Search code examples
phpregexpreg-replaceregexp-replace

Regex (php) to match single [ or single ] but ignore anything between [[ ]]?


I have a string, and within it there will be combinations of [ ] [[ ]] ][ but I need to replace the single [ and ] with < and > but leave alone (don't match) anything that is between [[ ]].

I thought I could do this with a regex, but I'm really struggling to get it to work because the complexity is just beyond me at the moment.

Example string:

[a] [b]  <- should replace every [ with < and every ] with > so <a> <b>

[a][b]   <- should replace every [ with < and every ] with > so <a><b>

[[abc][a][b]]  <- should not replace anything. will always start with [[ and end with ]]

So thinking about this logically, I can do it in a loop with PHP but I really want to try and use a preg_replace if possible.

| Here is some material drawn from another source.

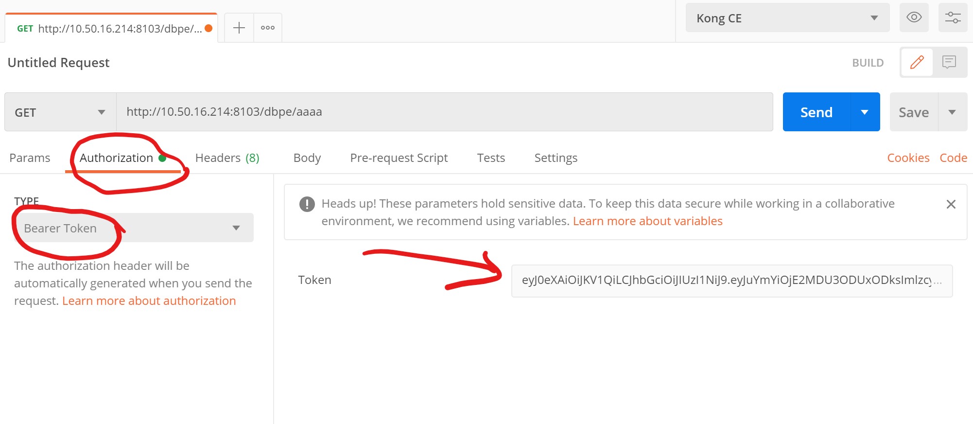 在postman中选择Authorization - Bearer Token,填入生成的token,如下图所示

The logic, as far as I can decipher is to replace [ with < and ] with > EXCEPT between a [[ and ]] but I'm not sure if I can even do that in a regex. I can make it work partially by using lookahead/lookbehind but that still then matches [ and ] between [[ and ]] (e.g. [[ [a] ]].

So far I've got

    /(?<!(^|)\[)\[[^\]\[\[]*\]/gmi

Working to spot [a] but not [[a]] but fails if I have [[a [b] c]]. At this point I'm not worried about the replacement, I just need to get the regex working to match / not match.


Solution

  • You can use

    preg_replace('~(\[\[(?:(?!\[\[|]]).|(?1))*]])(*SKIP)(*F)|\[([^][]*)]~s', '<$2>', $text)
    

    See the PHP demo and the regex demo.

    Details:

    • (\[\[(?:(?!\[\[|]]).|(?1))*]])(*SKIP)(*F) - Group 1: [[, zero or more occurrences of any char that is not a starting point of the [[ or ]] char sequences or the whole Group 1 pattern recursed, and then ]], and once the match is found, it is skipped, the new search starts at the failure location
    • | - or
    • \[([^][]*)] - a [, then zero or more chars other than [ and ] captured into Group 2, and then a ].